Task prompt
Please look for the string "yang" below and report every line in which it occurs.

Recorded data
=== Begin Enclosure ===

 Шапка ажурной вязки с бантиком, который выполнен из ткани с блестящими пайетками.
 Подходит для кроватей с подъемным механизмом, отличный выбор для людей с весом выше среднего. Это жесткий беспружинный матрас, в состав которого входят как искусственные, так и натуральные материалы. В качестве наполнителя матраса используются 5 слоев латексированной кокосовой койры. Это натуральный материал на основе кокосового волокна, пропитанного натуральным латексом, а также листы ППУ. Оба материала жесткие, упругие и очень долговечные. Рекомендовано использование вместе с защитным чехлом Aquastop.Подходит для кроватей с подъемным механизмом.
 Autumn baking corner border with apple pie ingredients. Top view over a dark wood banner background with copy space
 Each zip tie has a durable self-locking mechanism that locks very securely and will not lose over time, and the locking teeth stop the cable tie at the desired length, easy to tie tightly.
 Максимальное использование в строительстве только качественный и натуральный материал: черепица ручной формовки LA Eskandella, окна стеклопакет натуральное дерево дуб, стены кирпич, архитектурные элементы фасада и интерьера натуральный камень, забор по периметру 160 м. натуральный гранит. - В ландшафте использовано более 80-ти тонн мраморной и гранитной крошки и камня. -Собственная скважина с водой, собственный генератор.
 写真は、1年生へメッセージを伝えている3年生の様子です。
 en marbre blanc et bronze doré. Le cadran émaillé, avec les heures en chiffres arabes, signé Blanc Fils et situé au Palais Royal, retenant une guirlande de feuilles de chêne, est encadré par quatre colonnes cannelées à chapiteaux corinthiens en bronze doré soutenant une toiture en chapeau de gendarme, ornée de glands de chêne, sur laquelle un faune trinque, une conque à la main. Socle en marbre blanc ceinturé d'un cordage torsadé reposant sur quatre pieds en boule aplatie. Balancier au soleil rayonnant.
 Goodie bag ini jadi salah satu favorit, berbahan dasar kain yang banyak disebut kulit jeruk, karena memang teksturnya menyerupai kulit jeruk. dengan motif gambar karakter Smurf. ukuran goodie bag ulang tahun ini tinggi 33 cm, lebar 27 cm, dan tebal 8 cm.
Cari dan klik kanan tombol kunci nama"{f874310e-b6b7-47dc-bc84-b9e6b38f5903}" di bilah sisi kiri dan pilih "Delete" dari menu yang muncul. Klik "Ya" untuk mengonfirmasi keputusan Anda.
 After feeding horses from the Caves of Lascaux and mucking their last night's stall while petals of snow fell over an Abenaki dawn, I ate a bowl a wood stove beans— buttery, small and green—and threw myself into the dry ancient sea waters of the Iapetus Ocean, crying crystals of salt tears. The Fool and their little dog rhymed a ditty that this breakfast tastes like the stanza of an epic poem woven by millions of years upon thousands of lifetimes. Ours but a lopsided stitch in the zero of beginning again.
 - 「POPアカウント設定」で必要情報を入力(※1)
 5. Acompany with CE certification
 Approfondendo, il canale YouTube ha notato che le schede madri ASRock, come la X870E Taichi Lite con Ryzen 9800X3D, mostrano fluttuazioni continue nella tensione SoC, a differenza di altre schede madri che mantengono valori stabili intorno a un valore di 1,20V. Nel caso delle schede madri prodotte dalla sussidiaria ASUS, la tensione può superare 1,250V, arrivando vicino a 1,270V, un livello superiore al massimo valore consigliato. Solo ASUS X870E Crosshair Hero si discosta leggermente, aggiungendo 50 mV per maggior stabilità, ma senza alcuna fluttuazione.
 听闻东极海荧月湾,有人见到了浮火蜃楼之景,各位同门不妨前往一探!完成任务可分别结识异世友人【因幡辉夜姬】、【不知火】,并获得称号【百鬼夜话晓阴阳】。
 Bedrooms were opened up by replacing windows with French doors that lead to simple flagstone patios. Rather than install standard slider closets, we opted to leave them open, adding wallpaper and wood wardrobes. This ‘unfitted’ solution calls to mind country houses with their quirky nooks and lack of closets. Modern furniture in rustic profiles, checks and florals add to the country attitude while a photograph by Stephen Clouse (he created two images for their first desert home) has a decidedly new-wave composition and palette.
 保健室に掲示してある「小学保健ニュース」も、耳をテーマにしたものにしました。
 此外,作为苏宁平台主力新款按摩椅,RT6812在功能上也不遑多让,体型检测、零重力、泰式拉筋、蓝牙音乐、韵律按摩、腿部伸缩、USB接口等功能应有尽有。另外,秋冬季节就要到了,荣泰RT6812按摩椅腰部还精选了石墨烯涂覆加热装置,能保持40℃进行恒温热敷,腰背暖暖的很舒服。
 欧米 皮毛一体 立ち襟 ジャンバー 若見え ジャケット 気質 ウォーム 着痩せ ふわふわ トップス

=== End Enclosure ===

Solution
 Goodie bag ini jadi salah satu favorit, berbahan dasar kain yang banyak disebut kulit jeruk, karena memang teksturnya menyerupai kulit jeruk. dengan motif gambar karakter Smurf. ukuran goodie bag ulang tahun ini tinggi 33 cm, lebar 27 cm, dan tebal 8 cm.
Cari dan klik kanan tombol kunci nama"{f874310e-b6b7-47dc-bc84-b9e6b38f5903}" di bilah sisi kiri dan pilih "Delete" dari menu yang muncul. Klik "Ya" untuk mengonfirmasi keputusan Anda.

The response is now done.